Vengeance and Justice
Did America ever have a handle on the difference between vengeance and justice? It seems like every major crime provokes questions from an anxious media to the victims or the kin of the victims about what punishment is appropriate. The media asks the least-qualified and people listen.
Many think that the victims are the most qualified to mete out punishment, and they are, if the goal is vengeance. Vengeance is a visceral urge; it forces the perpetrator of crime to suffer the same indignity as the victim. Those who have suffered certainly know the pain most intimately, and are best suited to administer a like dose. Administering that dose does level aggressor and sufferer. Sadly, it levels them as animals.
Vengeance is intrinsic to all animals. The instinct is buried in our reptile brain, although humans have improved on it. While any common snake will instinctively retaliate when attacked, it takes human intellect to spawn the Count of Monte Cristo. But even Dumas's perfect Angel of Vengeance eventually realizes that men are not vipers, and that vengeance has its limits. Would that all of us were so wise.
Revenge also photographs better.
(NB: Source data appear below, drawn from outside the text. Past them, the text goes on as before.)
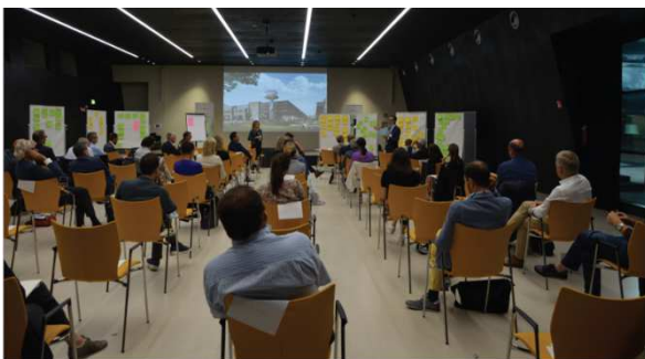
Hauptworkshop vom 21. September 2020 / Workshop principale del 21 settembre 2020

Als zusätzlich bedeutsame Bereiche soll in der Strategie zudem auf die Kreativwirtschaft und die Aus- und Weiterbildung eingegangen werden. Zu diesen vier Spezialisierungsbereichen wurden während des Workshops an entsprechenden Arbeitstischen jeweils Themen, Unterthemen und auch bereits Ziele definiert.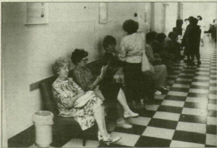
Rendelőintézeti fogászat. A fájdalmasabb beavatkozás még csak ezután következik.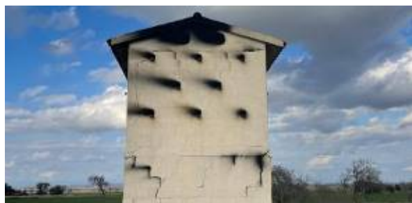
Una de les torres incendiades

Antonio Cerrillo – Barcelona - 12/02/2025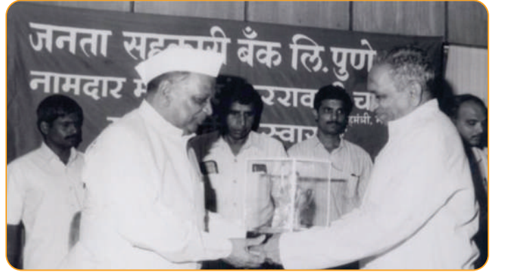
गृहमंत्री मा.श्री.शंकरराव चव्हाण यांची बँकेस सदरिच्छा भेट

It's no accident that action movies are almost exclusively based on retaliation rather than reflection. Retaliation grips one emotionally. Few people make an oath of deliberation. It has always been so; The Count of Monte Cristo is not a recent novel as societal trends go. Emotional reactions will always be easier to follow.
Justice focuses on righteousness, which requires deliberation. A just punishment does not even the score between antagonists, but balances the scales between transgressor and society. Balancing is a harder feat than simply matching pain. Justice cannot afford to demonize one who commits an atrocity without first examining how far any person is from committing that atrocity. Justice cannot recoil from a monstrous act with horror, it must dissect the creature to understand its workings. A just punishment is the result of applying reason and intellect to compassion and outrage. Controlling those emotions with reason is impossible for animals. Because humans can, they must.
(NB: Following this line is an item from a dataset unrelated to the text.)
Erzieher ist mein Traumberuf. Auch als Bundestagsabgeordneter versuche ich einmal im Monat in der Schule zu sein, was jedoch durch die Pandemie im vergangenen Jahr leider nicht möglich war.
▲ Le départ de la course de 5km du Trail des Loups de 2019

The intellectual issue is simply this: is perpetrating evil, even on an evil person, evil? It is not an easy question to resolve, but I think that premeditated evil is evil, regardless of the recipient. Electrocuting a murderer because it hurts more equates morally to electrocuting a terminal patient. Needlessly harming a human being lessens those who do it.
I'm not going to pretend that evil does not lurk inside me. If someone gratuitously hurt one of my friends or family, my first urge would be the same as Edmund Dante's - a repayment in kind that would make Satan blanch. I can only hope that I will be able to control the viper inside. After all, I've read The Count of Monte Cristo, I should know better.